Classi 4ª–5ª – Il museo che vorrei
Questa proposta si collega direttamente al tema ICOM 2026: i musei come ponti tra generazioni. Chiediamo ai bambini di diventare ricercatori e di intervistare gli anziani per allestire un museo.
L’attività si articola in tre fasi.
Prima fase: chiariamo che cosa significa “patrimonio immateriale” — tradizioni, saperi, ricette, dialetti, racconti.
Seconda fase: ogni bambino conduce un’intervista strutturata a un familiare anziano o a un abitante del quartiere, usando una traccia preparata insieme. Alcune possibili domande: “Cosa facevi da piccolo?”, “Cosa è cambiato?”, “C’è qualcosa che vorresti non si dimenticasse della tua infanzia?”
Terza fase: le testimonianze raccolte, insieme a testi, fotografie, piccoli oggetti, vengono organizzate in un archivio di classe (digitale o cartaceo), come un vero archivio storico.

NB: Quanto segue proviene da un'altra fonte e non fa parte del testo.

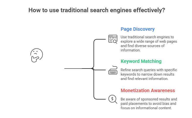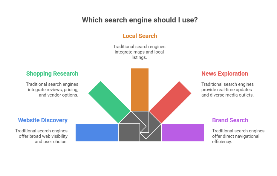 Traditional search engines are unmatched when users want to explore a wide range of websites or discover new platforms. They provide visibility into the broader web ecosystem and allow users to choose sources based on personal preferences.
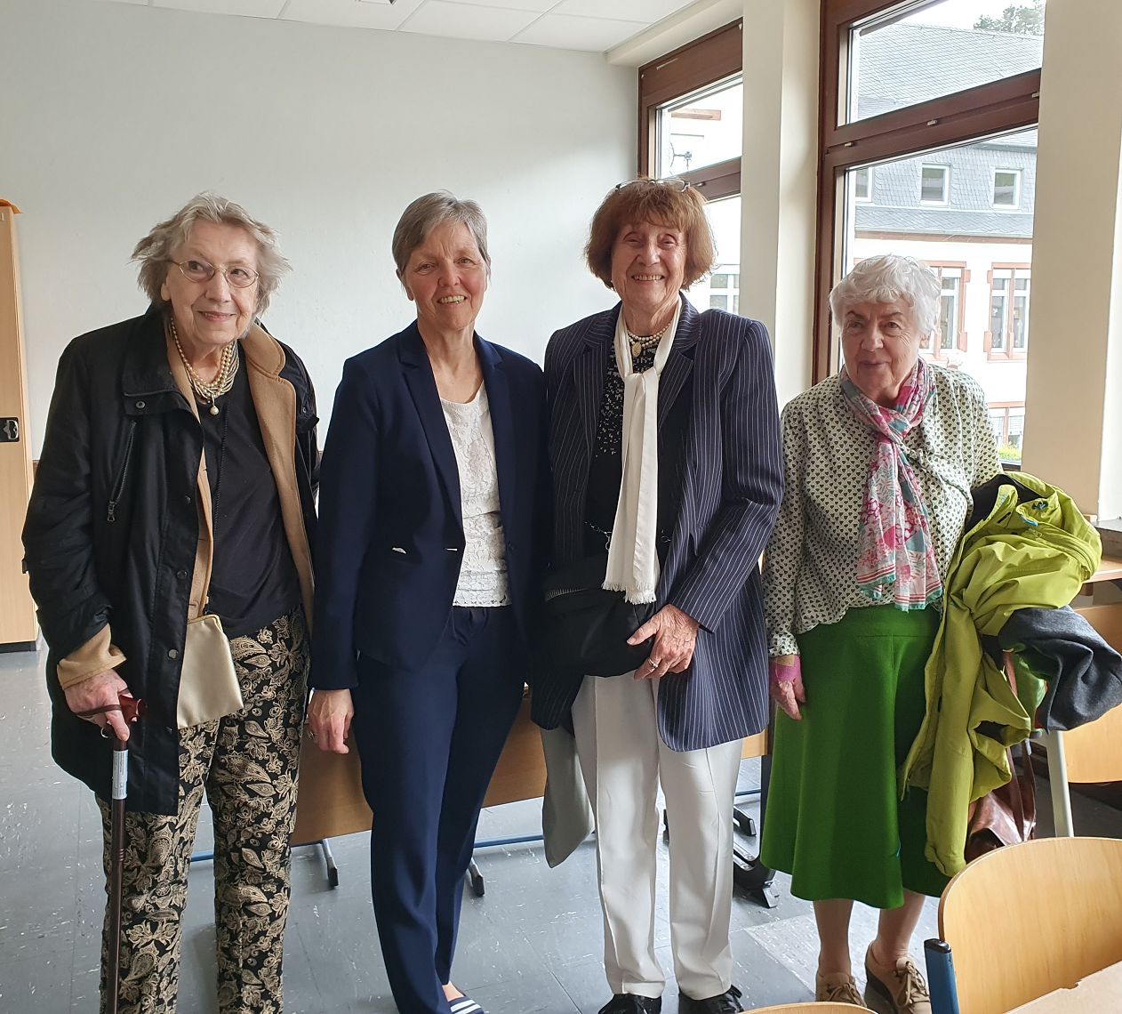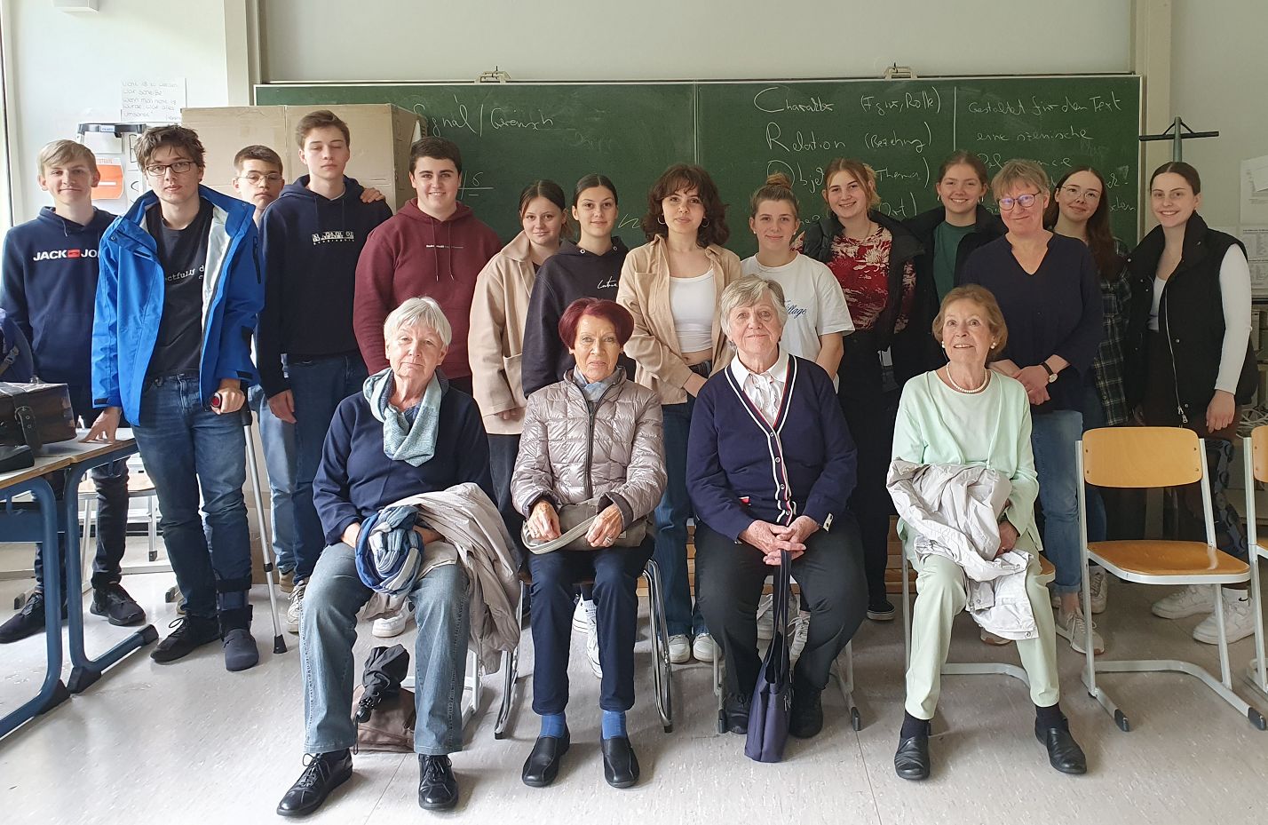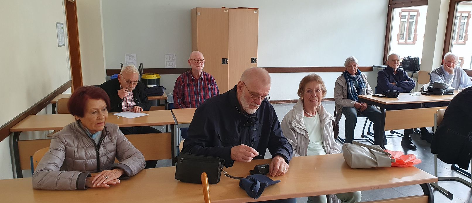 12 Abiturientinnen und Abiturienten der Abitur-Jahrgänge 1955, 1962 und 1963 besuchten das GymTT, bestaunten die moderne digitale Ausstattung der Klassenräume und nutzten die Gelegenheit, an verschiedenen Unterrichten teilzunehmen, um sich einen Eindruck von „Schule heute“ zu verschaffen. Sichtlich beeindruckt zeigten sich die interessierten Absolventen von den heutigen Möglichkeiten und von den Fächern „Darstellendes Spiel“ und Chemie. Götz Eberle (Jg. 63), der im Englisch-Unterricht der Klasse 9a hospitierte, stand den Schülerinnen und Schülern Rede und Antwort, was seine Jugend und Schulzeit anging. Er zeigte sich sehr bewegt von den anregenden Gesprächen mit den Jugendlichen. Außerdem gab es regen Austausch mit Kolleginnen und Kollegen besonders über die Unterschiede von früher zu heute – und da durfte die ein oder andere Anekdote natürlich nicht fehlen. Die Damen und Herren des Jahrgangs 1955 freuten sich besonders, ihr altes Klassenzimmer wiederzusehen, das heute das Sekretariat ist, und waren begeistert, dass man Ihnen am Moselgymnasium so viel Zeit widmete. Einige genossen nach diesen Eindrücken und Gesprächen noch ein Drei-Gänge-Menü in der Mensa.

Il prodotto finale può dar luogo a un libro di classe, a una mostra, a un podcast breve, o a una presentazione pubblica. L’importante è che esca dall’aula: la memoria raccolta dai bambini deve tornare alla comunità.
Per il docente. Questa è l’attività più impegnativa in termini di organizzazione, ma anche la più ricca di senso. Richiede di progettare “insieme” ai bambini e non “per” loro. È un esempio concreto di didattica per competenze: mette in gioco varie discipline, tra le quali italiano, storia, geografia, educazione civica, e competenze digitali in modo non artificioso ma necessario. Può diventare il cuore di una Unità di Apprendimento pluridisciplinare dell’intero secondo quadrimestre.
Le quattro proposte qui presentate condividono un’idea di fondo: il museo non è un luogo dove si va a “imparare delle cose”, ma uno spazio in cui ci si pone delle domande. E fare domande è forse la competenza più difficile da insegnare.